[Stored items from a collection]
◇ ◇ ◇ ◇ ◇ ◇ ◇
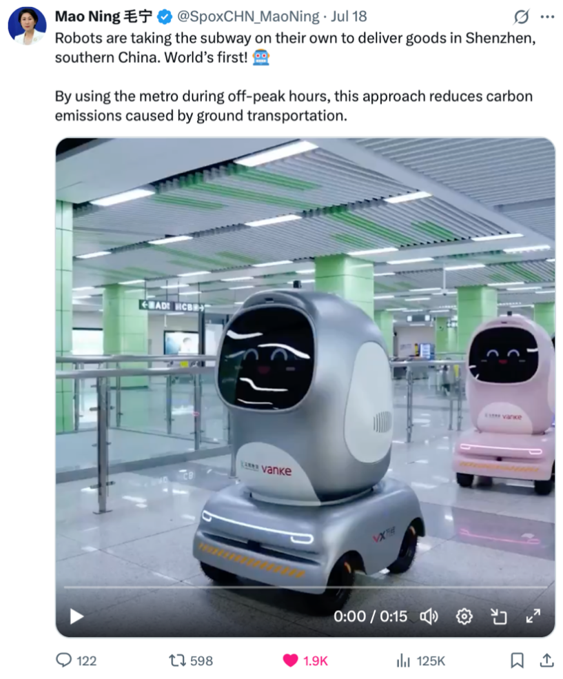 上周五(18日),毛宁还点赞并转发深圳地铁机器人自主配送的视频,短短一周内,在深圳人眼中属于 “日常操作”的三段视频,被外交部发言人“搬运”到海外社交媒体,频率之高,足见深圳“黑科技”在全球传播场的影响力正持续升温。
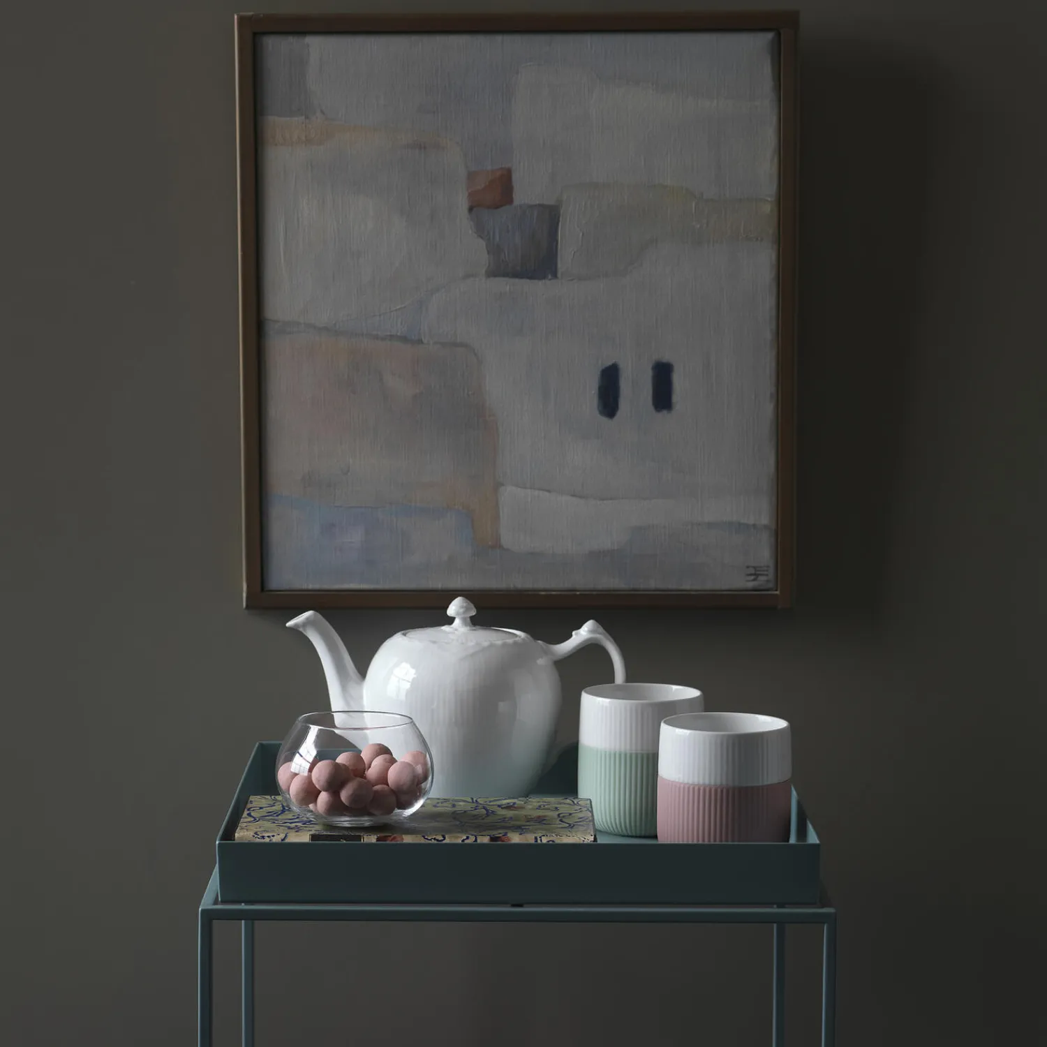 Riflet Contrast krus i porcelæn fra Royal Copenhagen. Riflet Contrast er først og fremmest en pirring af sanserne: Et livligt, sprudlende farvespil og en spændende taktil overgang fra blanke rifler i porcelænet til bløde, eftergivende rifler i silikonen. I Riflet Contrast mødes en klassisk fortid og en foranderlig nutid, hvor hvert år bringer nye farver til kollektionen. Dette forår er farven mos. Afdæmpet og luksuriøs.
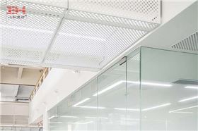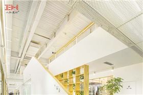 項目內部大量運用了沖孔鋁單板進行裝飾:白色的沖孔鋁單板被運用在天花、墻面,也被改造成護欄,沖孔鋁單板作為裝飾建材既有較高的硬度與強度的也使建筑空間具有通透性。
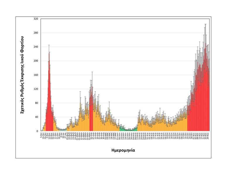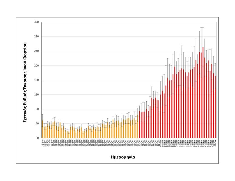 Όπως φαίνεται στα διαγράμματα που παρουσιάζει το ΑΠΕ-ΜΠΕ την αρχική τάση σταθεροποίησης που καταγράφηκε από τις 26 Νοεμβρίου ακολουθούν τις πρώτες μέρες του Δεκεμβρίου οι πρώτες ενδείξεις αποκλιμάκωσης των τιμών του ιικού φορτίου.
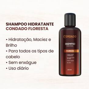 Kit Condado Floresta - Shampoo + Condicionador + Óleo Hidratante + Deo Colônia ProfissionalO Kit Condado Floresta foi criado para homens que buscam praticidade e elegância em um cuidado completo. Com Shampoo, Condicionador, Óleo Hidratante e Deo Colônia, oferece limpeza profunda, hidratação nutritiva e um acabamento sofisticado com fragrância amadeirada e envolvente.
◇ ◇ ◇ ◇ ◇ ◇ ◇
**Exercise objective:**
Every line of the records above must reappear exactly, though the pictures must not.

**Output for this exercise:**
 上周五(18日),毛宁还点赞并转发深圳地铁机器人自主配送的视频,短短一周内,在深圳人眼中属于 “日常操作”的三段视频,被外交部发言人“搬运”到海外社交媒体,频率之高,足见深圳“黑科技”在全球传播场的影响力正持续升温。
 Riflet Contrast krus i porcelæn fra Royal Copenhagen. Riflet Contrast er først og fremmest en pirring af sanserne: Et livligt, sprudlende farvespil og en spændende taktil overgang fra blanke rifler i porcelænet til bløde, eftergivende rifler i silikonen. I Riflet Contrast mødes en klassisk fortid og en foranderlig nutid, hvor hvert år bringer nye farver til kollektionen. Dette forår er farven mos. Afdæmpet og luksuriøs.
 項目內部大量運用了沖孔鋁單板進行裝飾:白色的沖孔鋁單板被運用在天花、墻面,也被改造成護欄,沖孔鋁單板作為裝飾建材既有較高的硬度與強度的也使建筑空間具有通透性。
 Όπως φαίνεται στα διαγράμματα που παρουσιάζει το ΑΠΕ-ΜΠΕ την αρχική τάση σταθεροποίησης που καταγράφηκε από τις 26 Νοεμβρίου ακολουθούν τις πρώτες μέρες του Δεκεμβρίου οι πρώτες ενδείξεις αποκλιμάκωσης των τιμών του ιικού φορτίου.
 Kit Condado Floresta - Shampoo + Condicionador + Óleo Hidratante + Deo Colônia ProfissionalO Kit Condado Floresta foi criado para homens que buscam praticidade e elegância em um cuidado completo. Com Shampoo, Condicionador, Óleo Hidratante e Deo Colônia, oferece limpeza profunda, hidratação nutritiva e um acabamento sofisticado com fragrância amadeirada e envolvente.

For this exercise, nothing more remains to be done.